==== Dataset content ====
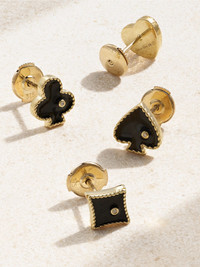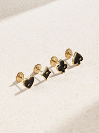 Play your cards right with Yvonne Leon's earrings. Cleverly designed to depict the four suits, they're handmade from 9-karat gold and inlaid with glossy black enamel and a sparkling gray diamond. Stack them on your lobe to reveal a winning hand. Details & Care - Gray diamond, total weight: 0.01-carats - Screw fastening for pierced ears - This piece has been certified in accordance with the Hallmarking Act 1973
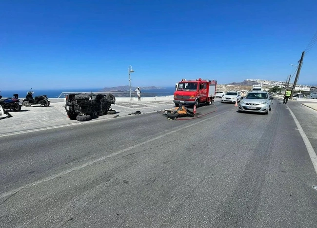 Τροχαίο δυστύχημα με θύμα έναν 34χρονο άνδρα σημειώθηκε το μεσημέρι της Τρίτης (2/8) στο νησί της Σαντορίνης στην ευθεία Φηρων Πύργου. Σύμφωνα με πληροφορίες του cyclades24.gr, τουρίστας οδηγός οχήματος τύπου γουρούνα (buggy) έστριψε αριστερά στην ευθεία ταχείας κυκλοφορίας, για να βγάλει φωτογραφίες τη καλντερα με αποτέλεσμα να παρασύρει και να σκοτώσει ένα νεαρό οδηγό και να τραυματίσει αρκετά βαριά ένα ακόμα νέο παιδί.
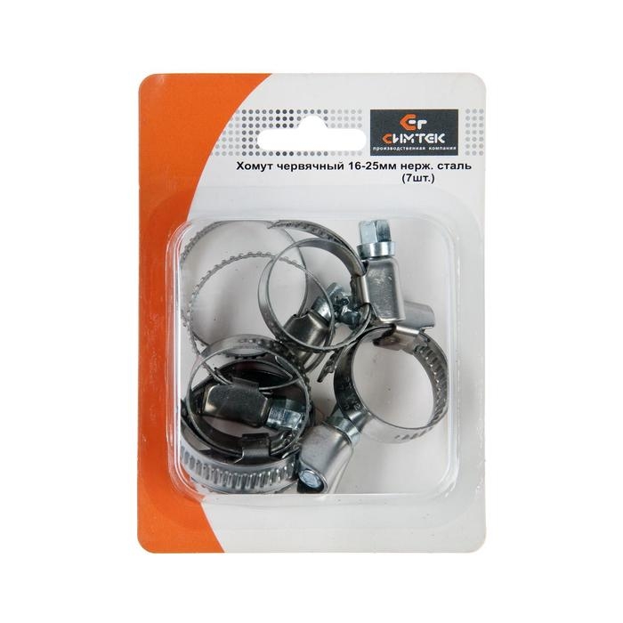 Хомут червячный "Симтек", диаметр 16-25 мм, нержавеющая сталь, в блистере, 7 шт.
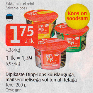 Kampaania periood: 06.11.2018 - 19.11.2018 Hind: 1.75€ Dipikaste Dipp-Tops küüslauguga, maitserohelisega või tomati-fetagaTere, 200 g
====
==== Dataset content ====
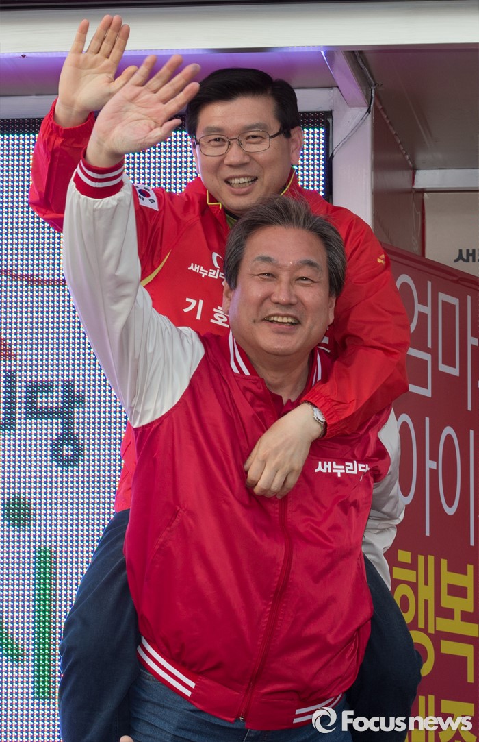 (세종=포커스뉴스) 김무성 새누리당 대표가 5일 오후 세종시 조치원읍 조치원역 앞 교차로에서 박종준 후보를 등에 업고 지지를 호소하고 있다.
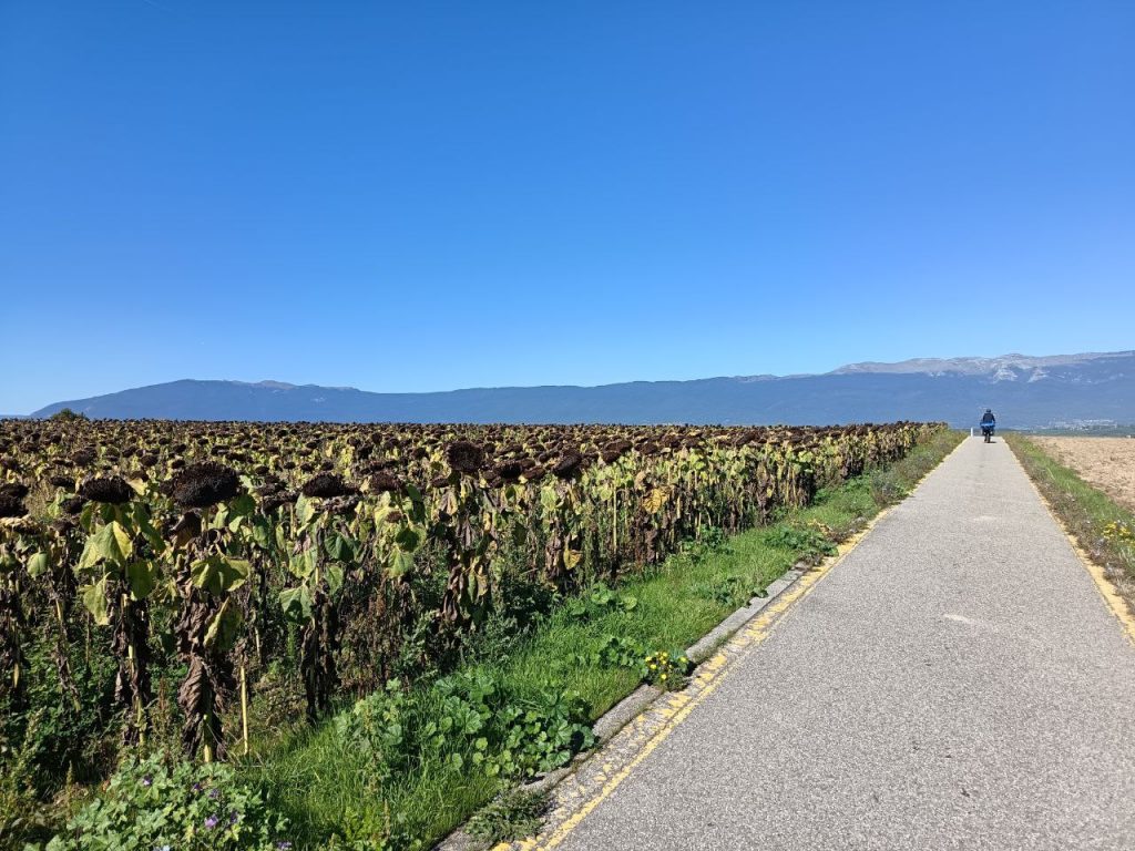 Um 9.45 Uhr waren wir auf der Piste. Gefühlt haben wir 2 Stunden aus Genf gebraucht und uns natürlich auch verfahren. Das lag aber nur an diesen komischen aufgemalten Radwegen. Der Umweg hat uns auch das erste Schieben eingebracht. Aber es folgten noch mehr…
====
▸ Task statement:
From the records above, copy only the lines running from the line containing "блистере, 7 шт." to the line containing "Kampaania periood: 06.11.2018", both ends included. Leave the pictures out.

▸ Result:
 Хомут червячный "Симтек", диаметр 16-25 мм, нержавеющая сталь, в блистере, 7 шт.
 Kampaania periood: 06.11.2018 - 19.11.2018 Hind: 1.75€ Dipikaste Dipp-Tops küüslauguga, maitserohelisega või tomati-fetagaTere, 200 g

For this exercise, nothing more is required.